広島ベンチをねじ伏せた、内海の代打交代策。
この回、巨人は1死満塁からロペスの犠飛で1点を上げ、なお2死一、三塁とした。そこで広島・野村謙二郎監督は8番打者の亀井に対して捕手を立たせはしなかったが、明らかなボールを4球続けて歩かせたのだ。
「4回から内海に代打は送ってこない」
そう確信して、当たり前のように選んだ相手監督の策に対して、あえて石井を送り出したわけである。
シリーズ初戦の早い回に相手ベンチの自信を崩す。
そのことによって「何をしてくるか分からない」という疑心を植え付け、相手に嫌な感じを残した采配だった。
結局、この一手で拮抗していたベンチ間の力関係が一気に崩れて、巨人主導の流れが出来上がるわけである。
そしてその勢いを加速させたのが、第2戦の菅野智之の完封勝利だった。
大一番の試合で、大胆なモデルチェンジを果たした菅野。
もちろんこの完封劇は菅野という投手の高いポテンシャルに負う部分が大きい。
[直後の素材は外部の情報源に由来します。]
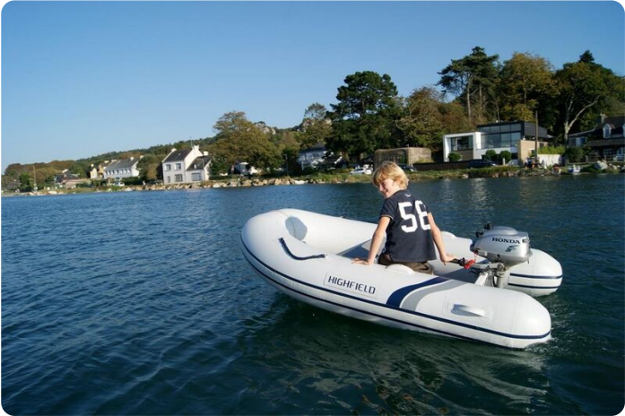
Highfield UL 240 aluminium RIB - on the water

ただ、もう一つの大きな要素に、この日の巨人バッテリーには、それまであまり使っていなかったフォークを軸にした組み立てという配球の工夫があった。
今季の菅野はレギュラーシーズンで広島と7度対戦して4勝1敗の成績だった。ただ、9月15日の対戦では、この試合と同じ前田健太と投げ合って9安打を浴びて5失点で5回KO。またシーズン終盤には短いイニングで痛打を浴びてマウンドを降りるケースが何度かみられてもいた。
「相手も研究してくるし、それを上回ることができないとプロでは通用しない」
菅野が語るように、得意のスライダーを狙い打たれて投球の幅が狭くなるなど、壁にぶつかっていたのも確かだった。
そこでここ一番のために行なった大胆なモデルチェンジ。
シーズン中は幅をつけるための球種だったフォークを、シーズン終了直後からブルペンで徹底的に磨いて勝負球に仕上げた。そしてそれをこの試合で実戦投入。スライダーとカットボールの割合を大幅に減らして、それまで1試合10球も使わなかったフォークを、全109球中25球と多投した。
データと全く違う配球に、赤ヘル打線は見事に翻弄されたわけである。